"""
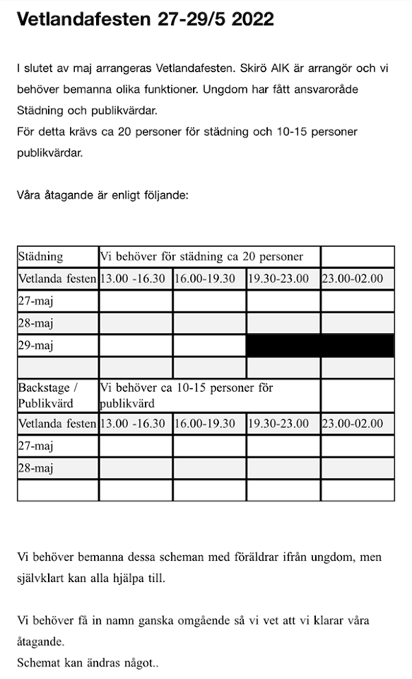 Ronny och Elsa kan vara publikvärdar Fredag 27e 16.00-19.30.
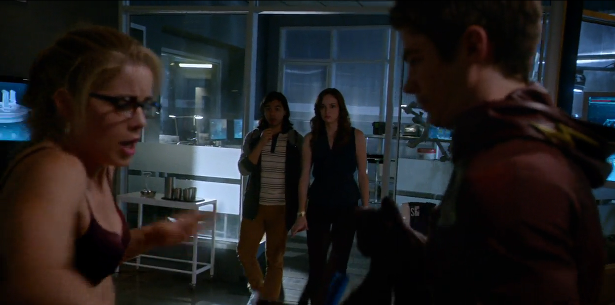 This episode appeared to roughly take place a month or so after the last one, thus reflecting the amount of time that passed in the real world between episodes, which is the Arrow way to handle a hiatus. So, to Team Flash Oliver Queen would have died over a month ago. Even so, unless I missed it there was no reference in this episode to his death. That seems like something which should have been referenced, the same way that when a major character died on Buffy the Vampire Slayer someone showed up on Angel to tell them about it. However, because of when these shows air that would have meant we would have seen The Flash cast react to the news before the actual cast of Arrrow, and maybe it’s best if Arrow goes first with that. Plus, maybe the two show’s timelines aren’t perfectly synced up right now.
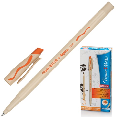 Ручка "Пиши-стирай" шариковая PAPER MATE "Replay", корпус бежевый, узел 1,2 мм, линия 1 мм, оранжевая, S0851461
"""
_TASK TO COMPLETE_. Leave the pictures out and set down the rest of the listing above exactly.

_EXERCISE SOLUTION_.
 Ronny och Elsa kan vara publikvärdar Fredag 27e 16.00-19.30.
 This episode appeared to roughly take place a month or so after the last one, thus reflecting the amount of time that passed in the real world between episodes, which is the Arrow way to handle a hiatus. So, to Team Flash Oliver Queen would have died over a month ago. Even so, unless I missed it there was no reference in this episode to his death. That seems like something which should have been referenced, the same way that when a major character died on Buffy the Vampire Slayer someone showed up on Angel to tell them about it. However, because of when these shows air that would have meant we would have seen The Flash cast react to the news before the actual cast of Arrrow, and maybe it’s best if Arrow goes first with that. Plus, maybe the two show’s timelines aren’t perfectly synced up right now.
 Ручка "Пиши-стирай" шариковая PAPER MATE "Replay", корпус бежевый, узел 1,2 мм, линия 1 мм, оранжевая, S0851461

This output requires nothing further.